■ **DIRECTIONS FOR THIS TASK**: Restate word for word the lines below that run from the one holding "注:1.職業(yè)中專(z" through the one holding "Комплект на выписку", inclusive. Pictures don't belong in the copy.

■ **SOURCE MATERIAL**:
%%

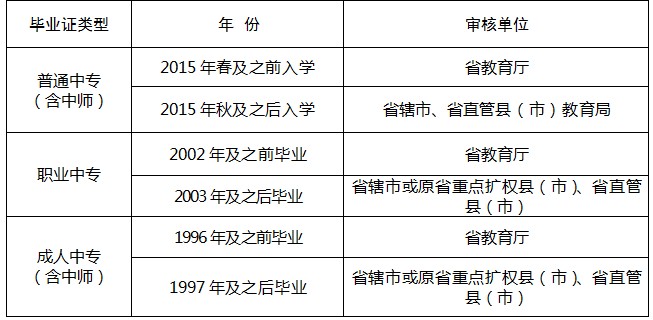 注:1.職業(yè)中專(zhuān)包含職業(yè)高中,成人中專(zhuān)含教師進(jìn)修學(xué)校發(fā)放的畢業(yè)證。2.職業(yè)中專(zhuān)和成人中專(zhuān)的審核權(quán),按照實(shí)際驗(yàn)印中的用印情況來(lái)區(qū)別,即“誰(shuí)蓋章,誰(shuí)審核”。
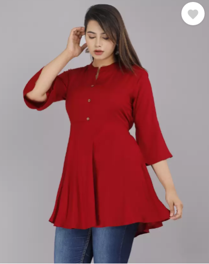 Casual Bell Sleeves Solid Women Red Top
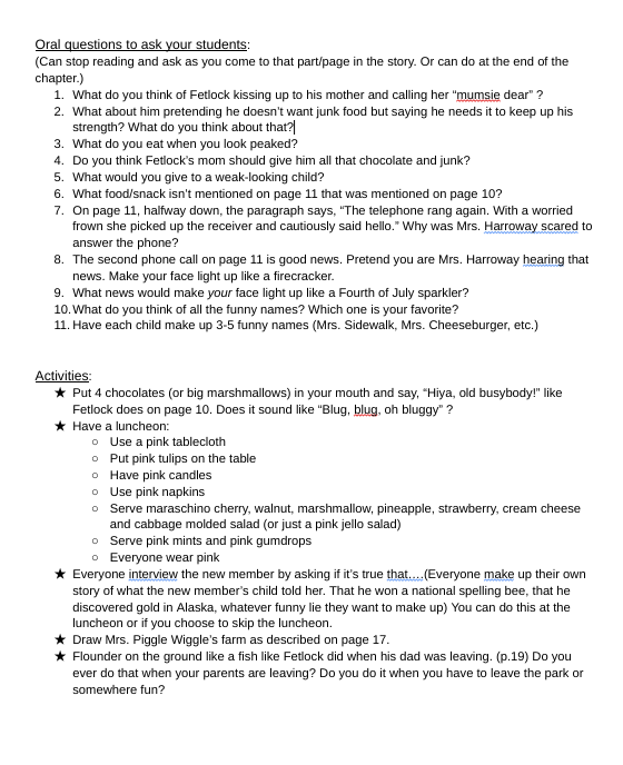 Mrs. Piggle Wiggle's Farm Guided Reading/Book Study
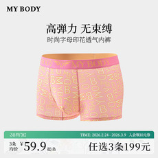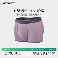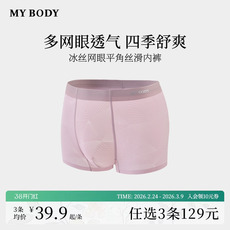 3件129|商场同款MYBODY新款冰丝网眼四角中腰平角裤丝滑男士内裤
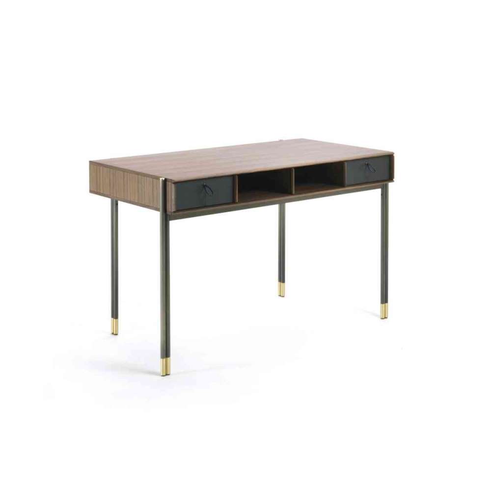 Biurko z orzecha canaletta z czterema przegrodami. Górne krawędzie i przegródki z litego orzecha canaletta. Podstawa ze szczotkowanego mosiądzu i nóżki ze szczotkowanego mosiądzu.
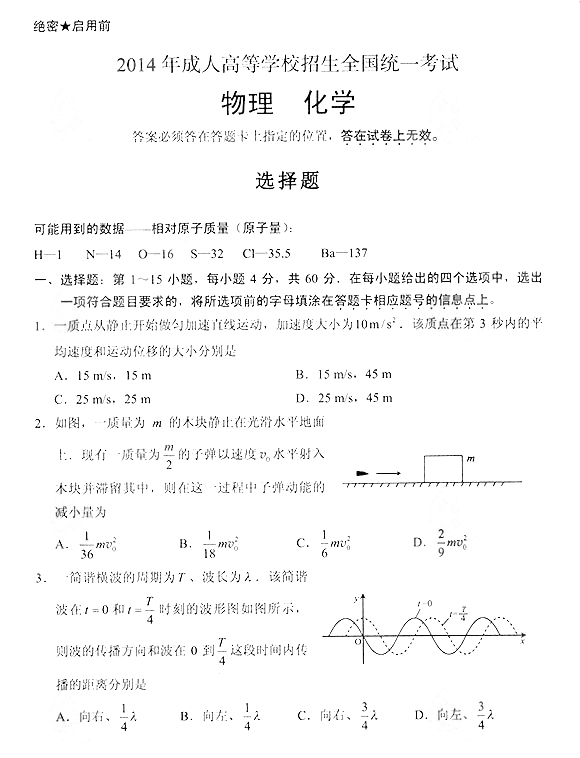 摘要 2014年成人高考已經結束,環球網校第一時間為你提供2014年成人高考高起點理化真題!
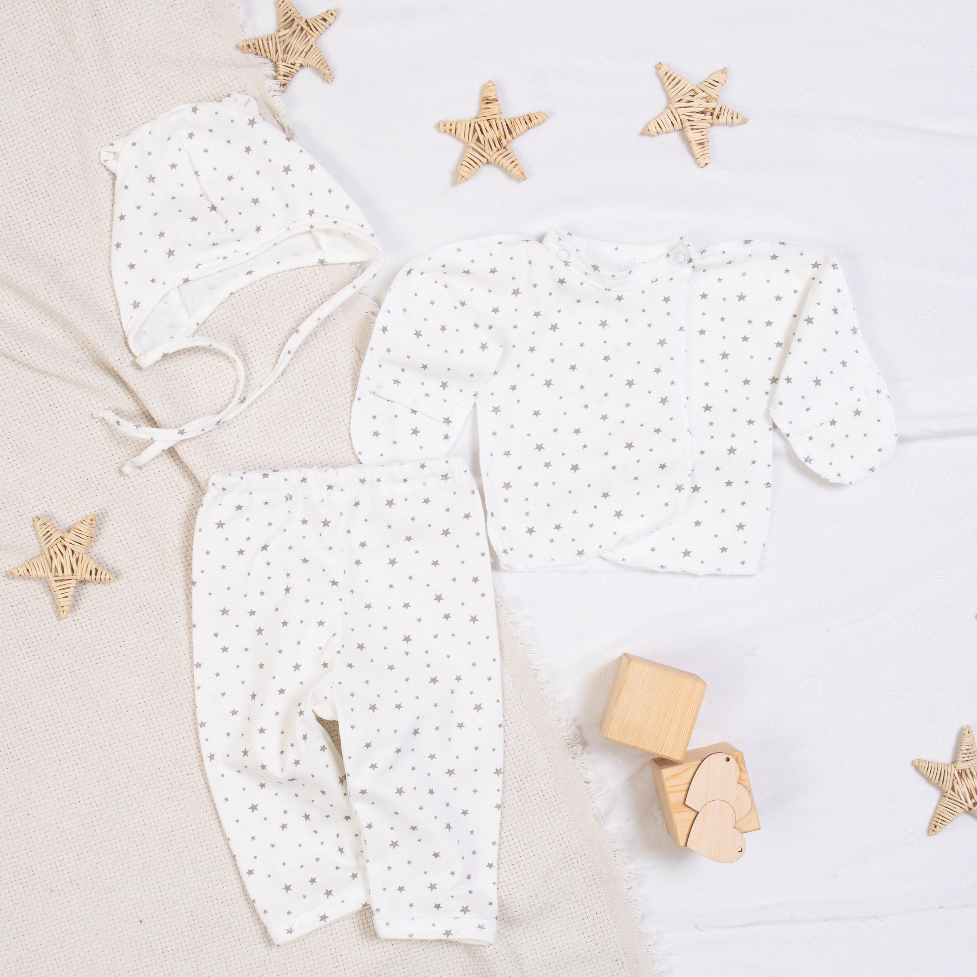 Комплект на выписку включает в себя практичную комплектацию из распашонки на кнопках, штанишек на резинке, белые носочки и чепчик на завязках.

%%
%%

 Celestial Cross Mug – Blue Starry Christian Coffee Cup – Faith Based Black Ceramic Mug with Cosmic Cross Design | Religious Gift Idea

%%

■ **SOLUTION**:
 注:1.職業(yè)中專(zhuān)包含職業(yè)高中,成人中專(zhuān)含教師進(jìn)修學(xué)校發(fā)放的畢業(yè)證。2.職業(yè)中專(zhuān)和成人中專(zhuān)的審核權(quán),按照實(shí)際驗(yàn)印中的用印情況來(lái)區(qū)別,即“誰(shuí)蓋章,誰(shuí)審核”。
 Casual Bell Sleeves Solid Women Red Top
 Mrs. Piggle Wiggle's Farm Guided Reading/Book Study
 3件129|商场同款MYBODY新款冰丝网眼四角中腰平角裤丝滑男士内裤
 Biurko z orzecha canaletta z czterema przegrodami. Górne krawędzie i przegródki z litego orzecha canaletta. Podstawa ze szczotkowanego mosiądzu i nóżki ze szczotkowanego mosiądzu.
 摘要 2014年成人高考已經結束,環球網校第一時間為你提供2014年成人高考高起點理化真題!
 Комплект на выписку включает в себя практичную комплектацию из распашонки на кнопках, штанишек на резинке, белые носочки и чепчик на завязках.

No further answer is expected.